> **What this task involves**:
Set down, please, without alteration, the lines of the entries below from the first through the one containing "A refined crossbody".
======== Supplied material
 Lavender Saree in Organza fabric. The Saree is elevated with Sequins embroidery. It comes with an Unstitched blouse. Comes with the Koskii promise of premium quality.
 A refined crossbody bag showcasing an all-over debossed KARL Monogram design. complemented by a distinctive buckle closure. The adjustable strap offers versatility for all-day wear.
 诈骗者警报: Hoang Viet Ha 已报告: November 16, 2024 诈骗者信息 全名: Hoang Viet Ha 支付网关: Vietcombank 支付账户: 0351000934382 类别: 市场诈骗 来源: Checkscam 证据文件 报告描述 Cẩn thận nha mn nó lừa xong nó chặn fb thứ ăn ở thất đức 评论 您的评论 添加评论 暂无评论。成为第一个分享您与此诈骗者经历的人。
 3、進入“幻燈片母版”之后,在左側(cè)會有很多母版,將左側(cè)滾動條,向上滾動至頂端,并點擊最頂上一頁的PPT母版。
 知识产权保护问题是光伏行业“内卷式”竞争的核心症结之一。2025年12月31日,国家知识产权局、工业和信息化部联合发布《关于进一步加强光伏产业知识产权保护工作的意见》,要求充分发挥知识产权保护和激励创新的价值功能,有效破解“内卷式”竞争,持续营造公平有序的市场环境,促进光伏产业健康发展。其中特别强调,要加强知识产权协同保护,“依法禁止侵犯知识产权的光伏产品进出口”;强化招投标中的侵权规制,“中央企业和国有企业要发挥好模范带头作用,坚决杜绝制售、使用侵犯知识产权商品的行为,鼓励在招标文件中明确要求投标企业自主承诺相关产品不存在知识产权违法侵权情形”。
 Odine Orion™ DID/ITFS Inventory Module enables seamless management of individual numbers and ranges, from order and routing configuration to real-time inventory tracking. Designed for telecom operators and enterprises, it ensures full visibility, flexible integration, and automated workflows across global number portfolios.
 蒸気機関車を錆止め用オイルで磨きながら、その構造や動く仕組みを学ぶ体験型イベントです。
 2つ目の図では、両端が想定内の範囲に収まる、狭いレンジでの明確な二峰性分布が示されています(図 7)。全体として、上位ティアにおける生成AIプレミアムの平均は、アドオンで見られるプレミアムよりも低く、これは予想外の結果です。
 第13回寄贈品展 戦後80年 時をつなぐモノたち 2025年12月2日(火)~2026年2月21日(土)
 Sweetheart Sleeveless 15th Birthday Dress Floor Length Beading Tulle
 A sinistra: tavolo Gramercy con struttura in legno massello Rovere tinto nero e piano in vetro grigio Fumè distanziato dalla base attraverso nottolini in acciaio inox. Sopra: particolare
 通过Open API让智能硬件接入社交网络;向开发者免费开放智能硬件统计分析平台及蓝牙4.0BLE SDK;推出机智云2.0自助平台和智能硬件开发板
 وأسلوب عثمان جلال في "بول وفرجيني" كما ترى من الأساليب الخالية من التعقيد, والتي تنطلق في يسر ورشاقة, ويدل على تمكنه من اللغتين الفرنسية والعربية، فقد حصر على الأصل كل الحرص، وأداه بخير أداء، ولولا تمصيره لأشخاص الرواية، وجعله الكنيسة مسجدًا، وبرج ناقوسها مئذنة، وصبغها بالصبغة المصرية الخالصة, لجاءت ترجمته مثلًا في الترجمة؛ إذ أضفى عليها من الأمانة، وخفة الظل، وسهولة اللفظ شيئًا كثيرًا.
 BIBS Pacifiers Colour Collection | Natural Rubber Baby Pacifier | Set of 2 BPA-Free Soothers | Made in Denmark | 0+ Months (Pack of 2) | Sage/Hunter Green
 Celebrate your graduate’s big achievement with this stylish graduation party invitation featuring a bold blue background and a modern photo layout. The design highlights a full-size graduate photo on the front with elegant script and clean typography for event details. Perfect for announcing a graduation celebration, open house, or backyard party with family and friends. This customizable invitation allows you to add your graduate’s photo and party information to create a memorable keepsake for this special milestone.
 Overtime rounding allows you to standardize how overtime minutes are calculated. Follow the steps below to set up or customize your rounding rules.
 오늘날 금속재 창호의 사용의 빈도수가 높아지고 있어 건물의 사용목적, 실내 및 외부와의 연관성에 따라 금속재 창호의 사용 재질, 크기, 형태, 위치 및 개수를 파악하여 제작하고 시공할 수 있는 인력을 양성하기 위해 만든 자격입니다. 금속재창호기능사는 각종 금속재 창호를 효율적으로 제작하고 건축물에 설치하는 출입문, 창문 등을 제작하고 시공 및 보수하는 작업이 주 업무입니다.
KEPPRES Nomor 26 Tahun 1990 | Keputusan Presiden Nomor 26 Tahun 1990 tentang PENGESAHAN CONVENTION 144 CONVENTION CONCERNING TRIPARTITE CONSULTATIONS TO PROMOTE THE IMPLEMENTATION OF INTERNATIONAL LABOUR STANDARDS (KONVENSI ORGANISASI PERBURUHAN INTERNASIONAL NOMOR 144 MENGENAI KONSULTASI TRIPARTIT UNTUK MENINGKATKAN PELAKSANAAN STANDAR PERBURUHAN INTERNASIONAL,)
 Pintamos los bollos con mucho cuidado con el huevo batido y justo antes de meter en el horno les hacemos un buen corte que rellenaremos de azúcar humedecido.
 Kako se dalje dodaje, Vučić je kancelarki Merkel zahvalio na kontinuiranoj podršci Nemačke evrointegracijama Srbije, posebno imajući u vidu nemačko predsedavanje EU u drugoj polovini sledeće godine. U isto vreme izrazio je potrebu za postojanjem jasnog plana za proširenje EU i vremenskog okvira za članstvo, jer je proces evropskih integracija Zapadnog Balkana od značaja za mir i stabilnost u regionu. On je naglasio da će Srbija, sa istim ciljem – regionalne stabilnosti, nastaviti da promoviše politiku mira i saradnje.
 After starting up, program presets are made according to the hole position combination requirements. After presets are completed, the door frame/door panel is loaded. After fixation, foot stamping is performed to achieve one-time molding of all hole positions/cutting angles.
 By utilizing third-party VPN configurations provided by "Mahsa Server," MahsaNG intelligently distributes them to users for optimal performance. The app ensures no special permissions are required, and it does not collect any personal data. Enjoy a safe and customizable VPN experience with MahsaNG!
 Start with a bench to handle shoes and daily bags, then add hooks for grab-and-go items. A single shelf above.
================
> **Response to this exercise**:
 Lavender Saree in Organza fabric. The Saree is elevated with Sequins embroidery. It comes with an Unstitched blouse. Comes with the Koskii promise of premium quality.
 A refined crossbody bag showcasing an all-over debossed KARL Monogram design. complemented by a distinctive buckle closure. The adjustable strap offers versatility for all-day wear.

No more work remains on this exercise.